Is it enough to just send an email such as this:

I can give you my (secret), but before I go further you must agree not to disseminate this information to anyone else.

Copy and paste the following in your reply email:

[his name] agrees to the following:

Acknowledgment of Confidentiality. [his name] acknowledges that they may be exposed to confidential and proprietary information of Fuzzy.

Confidential Information does not include (i) information already known by [his name] , (ii) information in the public domain through no wrongful act of [his name] , or (iii) information received by [his name] from a third party who was free to disclose it.

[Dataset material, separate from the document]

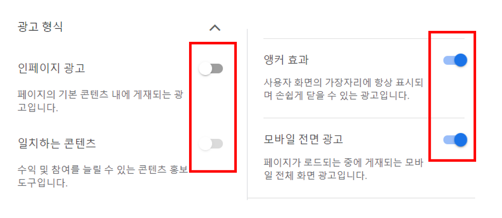 인페이지 광고 및 일치하는 콘텐츠를 저는 아래처럼 꺼놓습니다. 꺼놓고 앵커 광고 및 전면광고만 사용합니다. 의외로 앵커 효과가 좋습니다. 앵커 광고가 뭐냐면 휴대폰 맨 위 또는 아래에서 따라다니는 광고 있죠 그거입니다.

Covenant Not to Disclose. [his name] agrees not to disclose any Confidential Information to any person or entity except as Fuzzy approves. [his name] agrees to use at least the same degree of care in safeguarding the Confidential Information as they use in safeguarding their own confidential information.

Retention of Rights. Fuzzy retains all rights to the material sent.

Term of Agreement. This agreement shall never expire.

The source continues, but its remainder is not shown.